This method was successfully used in the Cytogenetics Laboratory of the Laboratory of Pathology in Seattle, Washington, USA.
Chromosomes are G-banded to facilitate the identification of structural abnormalities. Slides are dehydrated, treated with the enzyme trypsin, and then stained.
Glass coplin jars with lids; 5ml and 10ml serological pipettes and bulbs; Staining rack; Timer; Plastic squirt bottle; Dehydrating oven set at 95 degrees C; Slide racks; Slide warming tray set at 60 degrees C;
0.25% trypsin, in HBSS without calcium and magnesium. (Life Technologies Inc., Gibco #610-5050) Store at -5 to -20 degrees C. Thaw at room temperature -- do not heat above room temperature to avoid denaturing the enzyme.
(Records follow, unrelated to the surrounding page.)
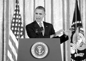 当地时间11月14日,美国总统奥巴马在首都华盛顿出席连任后的首次白宫记者会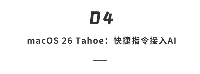 macOS 26还升级了快捷指令功能,在步骤中直接接入了苹果AI,官方举例用户可以创建AI快捷指令来“查缺补漏笔记”,当然目前国行又没戏了。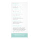Tarjeta de estante elegante con un diseño simple y moderno con texto en un color aqua / turquesa claro sobre un fondo blanco. La parte posterior tiene su lista de precios / menú de servicios. Este diseño es perfecto para un spa de día pero se puede modificar para cualquier tipo de negocio.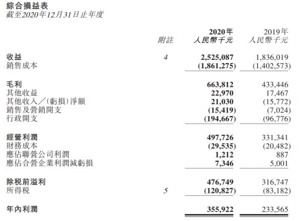 据报告,2020年收入约为25.25亿元,较2019年约人民币18.36亿元增长37.5%;毛利约为6.64亿元,较2019年的4.33亿元增长53.2%;毛利率为26.3%,而2019年毛利率为23.6%,按年提升2.7个百分点。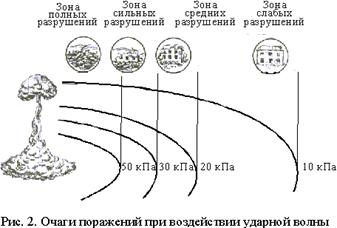 Под воздействием ударной волны создаются очаги поражения, разрушения, размеры которых зависят от мощности и вида взрыва, рельефа местности (рис. 2)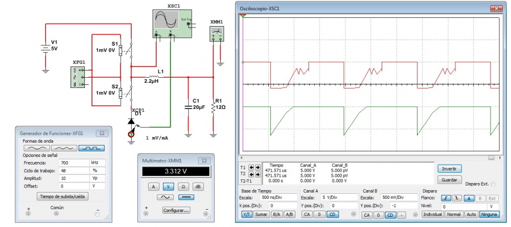 Fig.10.3.3 Simulación para observar los oscilogramas de salida

Dry salt phosphate buffer, pH 6.8 (Fisher Scientific #B-78)
Leishman's stain powder. (Sigma #L-6254)
Absolute methanol. (J.T. Baker, VWR #JT9070-3) Toxic -- avoid contact with skin and mucous membranes. Flamable -- store in approved fire-proof cabinet. Dispose down fume hood sink with copius amounts of water.
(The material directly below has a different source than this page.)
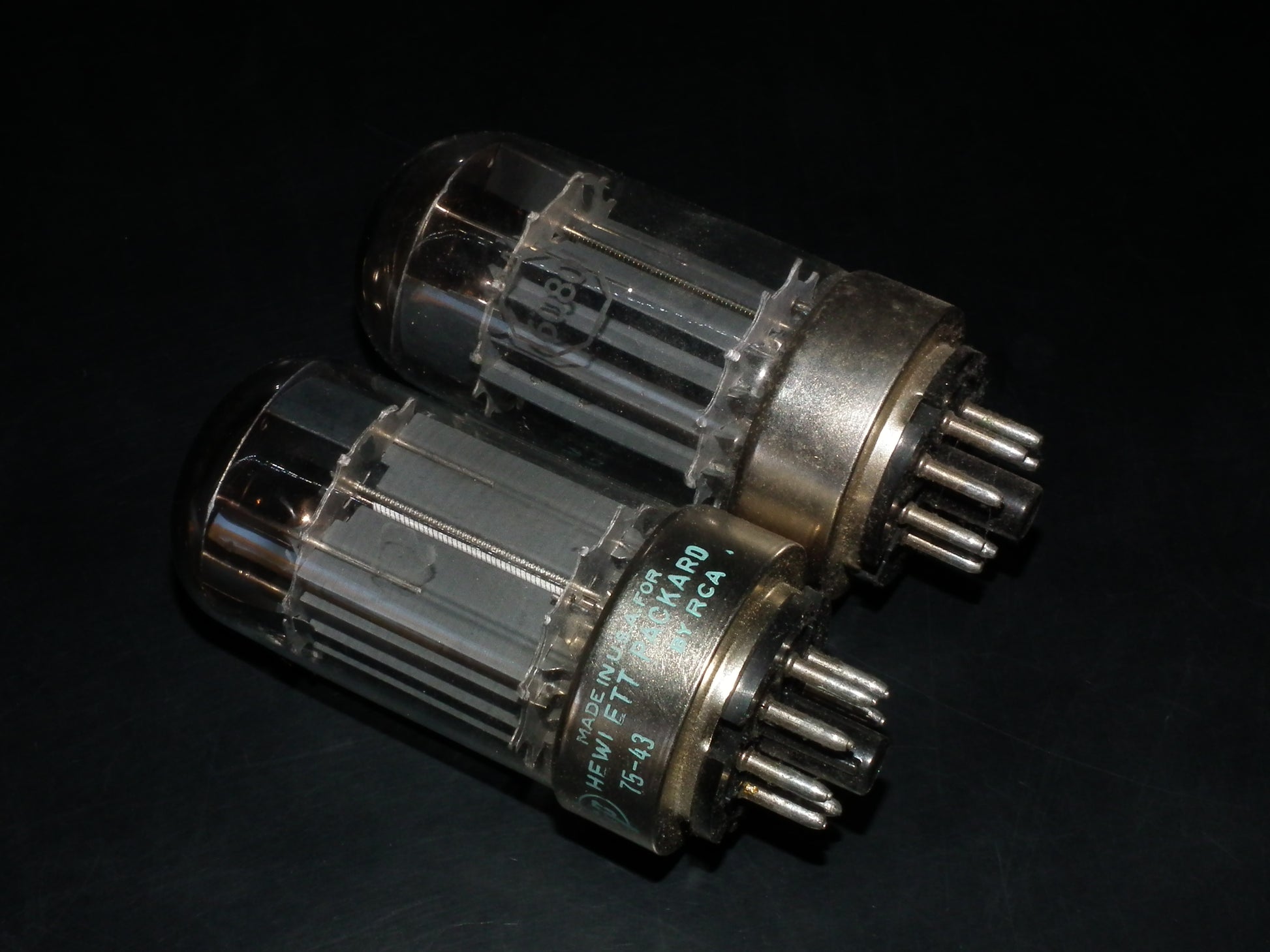 One matched pair (2 tubes) 6080 / 6AS7 / 5998 made by RCA for HP, triple mica, double power triodes, used, tested NOS.

Normal saline, 0.9% sodium chloride. (Abbott Laboratories, SHMC #3619)
pHydrion buffer capsules, pH 7.0 (VWR #34175-242)
0.025% trypsin: mix 5ml 0.25% trypsin with 45ml normal saline. Prepare fresh the day of staining. Keep at room temperature. Do not use if color changes.
Fisher phosphate buffer: dissolve 1 buffer capsule (pH 6.8) in 1 liter of distilled water. Check pH with pH meter and record on the label.
Stain: swirl 500ml absolute methanol in flask. Add 1.0g powdered stain to swirling methanol. Continue to swirl 2-3 minutes at moderate rate. Let sit for 15 minutes. Filter through Whatman #1 filter paper into brown bottle that contains no water (swirl bottle with methanol before use). Store away from heat and light. Shake well and filter before use.
pHydrion stock buffer: dissolve 1 pHydrion buffer capsule (pH 7.0) in 100 ml distilled water. Check pH with pH meter and record on label. Store at 2 to 8 degrees C.
pHydrion working solution: mix 5ml pHydrion stock buffer with 95ml of distilled water. Store at room temperature.
1. Place fixed, dry slides on slide rack in 95 degrees C oven and bake for 20 minutes. Cool.
2. Immerse slide in 0.025% trypsin for 10 to 120 seconds.
3. Remove slide from trypsin and immediately immerse in Fisher phospate buffer to stop trypsin action.
4. Place slide cell side up on staining rack and flood with solution of 1 part Leishman's stain and 3 parts pHydrion working solution. Stain for 2 minutes.
5. Rinse slides thoroughly with distilled water.
6. Allow slides to drain, then place on 60† C slide warming tray until completely dry.
Notes and Precautions
1. Trypsinization time may need to be varied depending on environmental conditions, material being banded, or typsin stock. Always stain one slide first and check banding quality before staining additional slides. Adjust trypsinization time if necessary.
2. Be careful not to over rinse slides since over rinsing will fade stain.
3. Leishman's stain will form a precipitate when added to pHydrion buffer. Therefore, the two should not be mixed until just prior to flooding the slide.
4. Step 3 (Fisher phospate buffer) may be eliminated if desired.
5. Slides can be destained by placing them in a coplin jar containing 3:1 fixative (3 parts absolute methanol mixed with one part glacial acetic acid) for 1-2 minutes. Rinse slides with absolute methanol and allow to dry completely. Slides may then be re-trypsinized and/or restained.
6. Wright's stain may be used in place of Leishman's stain.
Seabright, M. Rapid banding techniques for human chromosomes. Lancet 2: 971-972, 1971.
Franke, U., Oliver, N. Quantitative analysis of high-resolution trypsin-Giemsa bands on human prometaphase chromosomes. Hum. Genet. 45:137-165, 1978.